I finally won my FOIA lawsuit against the IRS. The basis of my lawsuit was that the IRS inappropriately cited exemptions to redact almost all of the emails responsive to my request. Also, the IRS failed to even search for other material I requested, as they claimed my request was too broad. However, the judge ruled the IRS had not provided a viable basis for those exemptions and that, in general, my request was not overly broad, but was very specific. As a result, the IRS must now reproduce previously redacted material without the redactions, so I can actually read what they did not want me to see, plus search for and produce additional documents they never even looked for.
Also, what’s very interesting is that the judge began his ruling by stating that I founded a bank but that “an international tax enforcement body shut it down on suspicion of tax evasion in 2022.” That is precisely what I alleged happened in my dismissed civil rights lawsuit against the IRS and OCIF. Former IRS Chief Jim Lee and former OCIF Commissioner Natalia Zaqueira lied during the OCIF press conference. Lee said neither the IRS nor J5 had anything to do with the closure of my bank, and Zaqueira said the bank was being shut down to protect customers from insolvency. But based just on the limited IRS production, it was clear to the judge what actually happened.

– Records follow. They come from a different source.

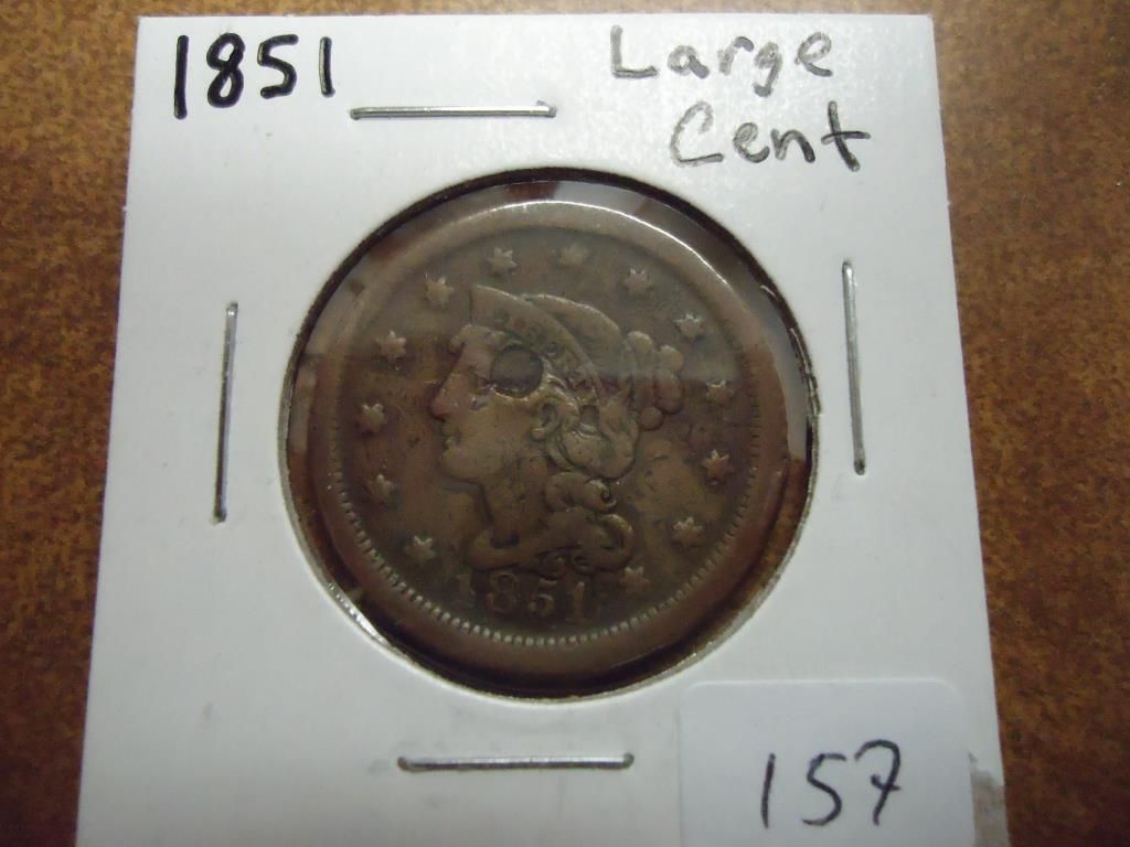 1851 US LARGE CENT WITH PUNCH MARK (AS SHOWN)
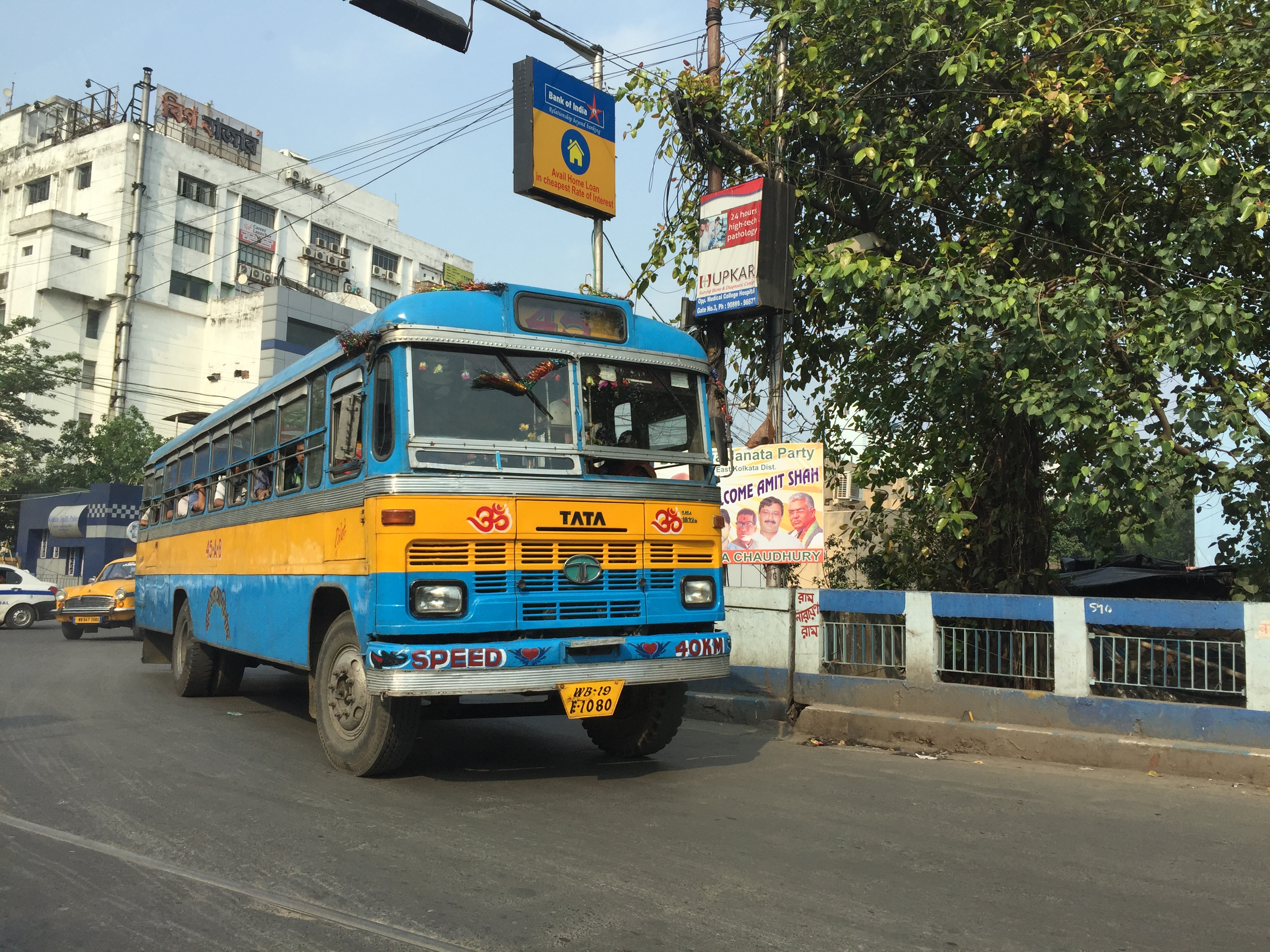 The roads are lined with smart blue and white painted iron railings which adds a cheerful back drop to the vibrant yellow taxi’s and coordinated buses.
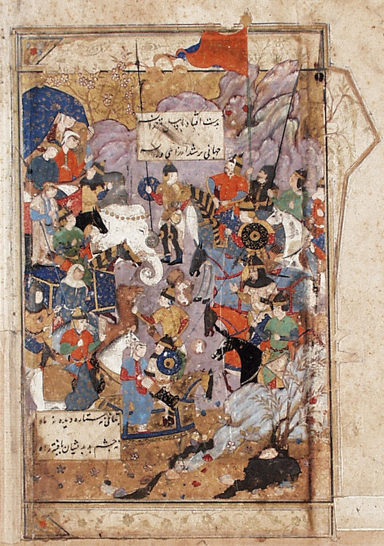 A Major Personage Arriving on a White Elephant, Page from a Manuscript of the Haft Awrang (Seven Thrones) of Jami
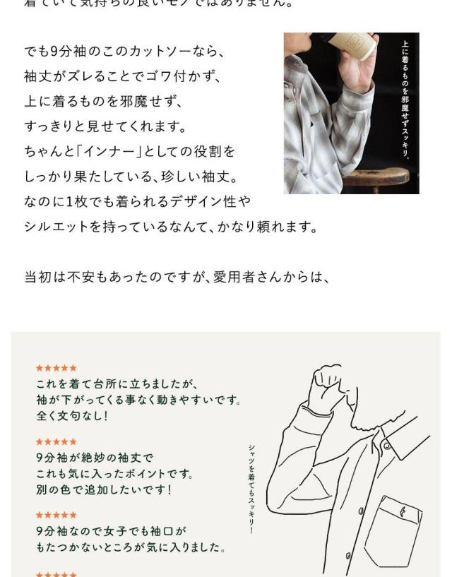 ・羽織りを合わせてもゴワ付かず、スッキリと見せる9分袖。
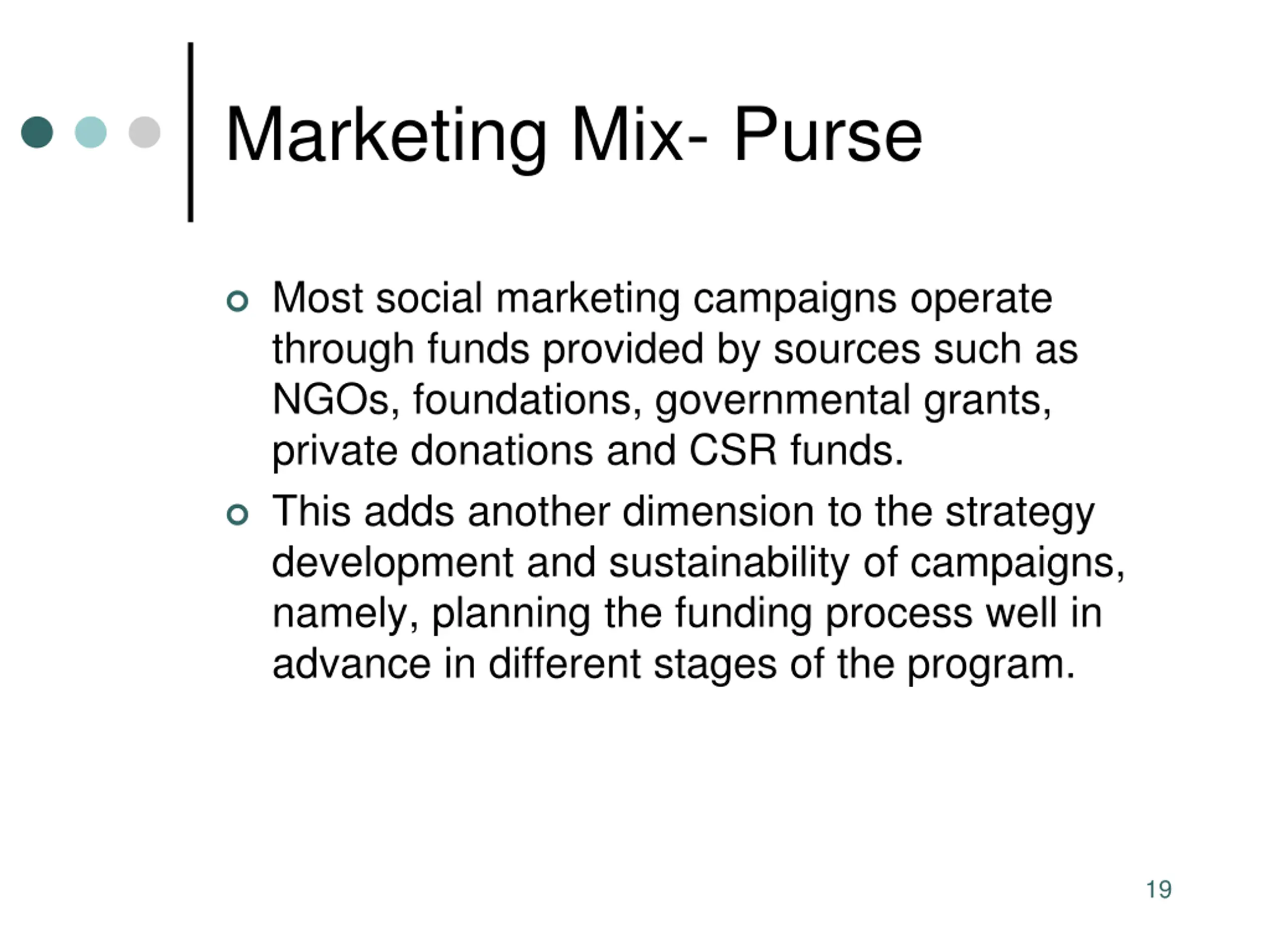 Marketing Mix- Purse Most social marketing campaigns operate through funds provided by sources such as NGOs, foundations, governmental grants, private donations and CSR funds. This adds another dimension to the strategy development and sustainability of campaigns, namely, planning the funding process well in advance in different stages of the program. 19
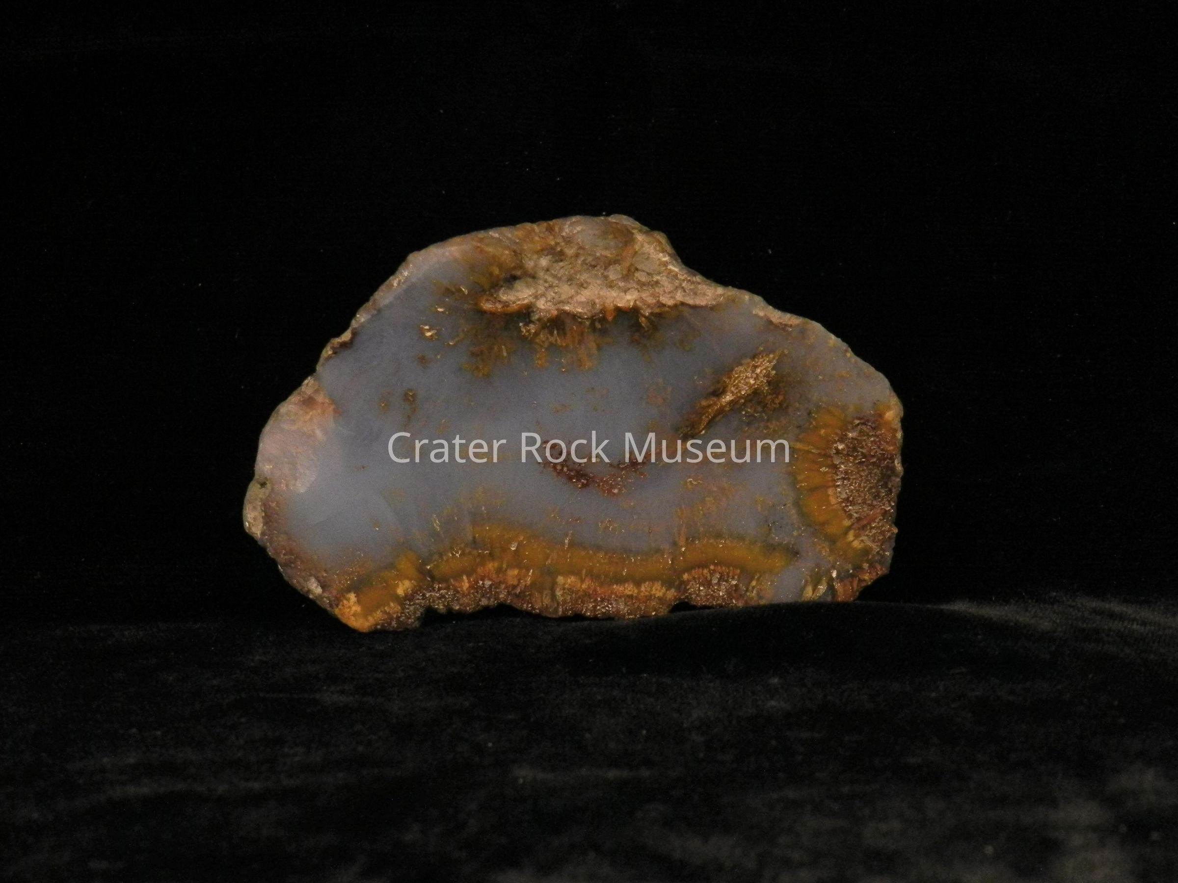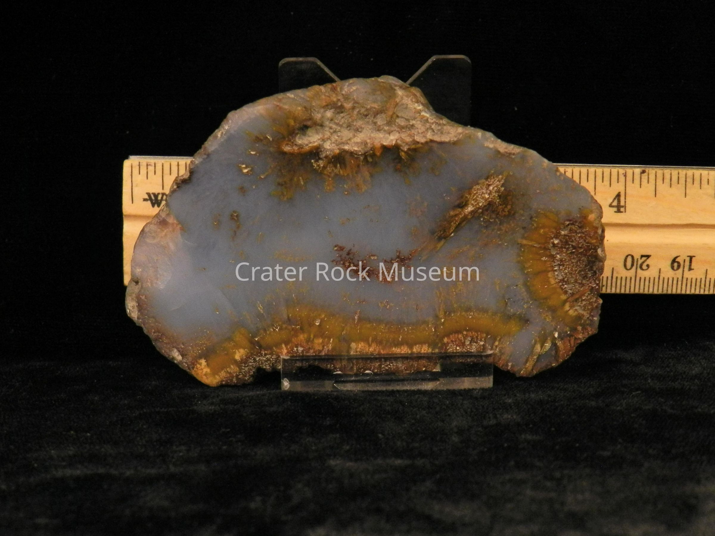 Description: Thick slab with rough back and polished face. Translucent blue-gray in the inner areas and some dull yellow and beige bands on the outer regions.Collection
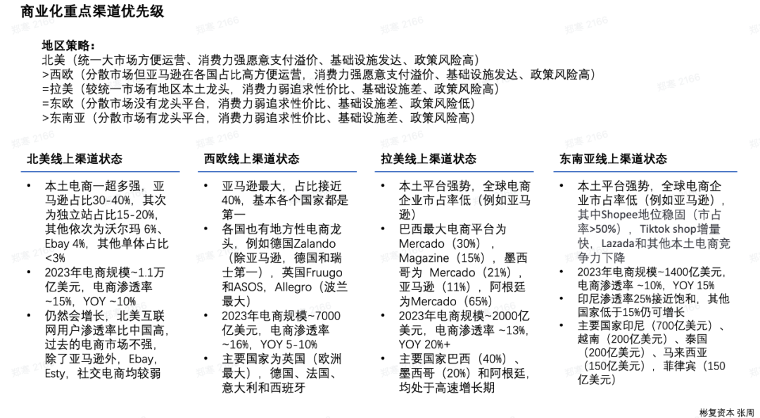 - 北美:优势在于是一个统一的大市场,拥有几亿消费者,且 Amazon 的市场占比最高,大部分电商规模都相对较小。
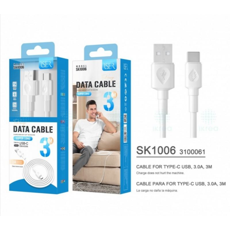El Cable Iser Type-C SK1006 es un accesorio indispensable para optimizar la carga y la transferencia de datos de tus dispositivos modernos. Diseñado para ofrecer la máxima funcionalidad, este cable cuenta con una longitud generosa de 3 metros, proporcionando una gran flexibilidad y comodidad en cualquier entorno, ya sea en casa, la oficina o de viaje.

The judge may not have appreciated what his conclusion implied, as that was not something he was asked to rule on. But one aspect of his conclusion should have raised a concern. How do authorities justify shutting down a bank on the mere “suspicion of tax evasion”? Don’t you have to prove there actually was tax evasion? This is particularly problematic with my bank, as prior to the shutdown there was a criminal grand jury investigation that found no evidence to substantiate that suspicion. So in my case, my bank was not shut down based on a suspicion of tax evasion, but despite the fact that the suspicion proved to have been unfounded. That makes the shutdown even worse.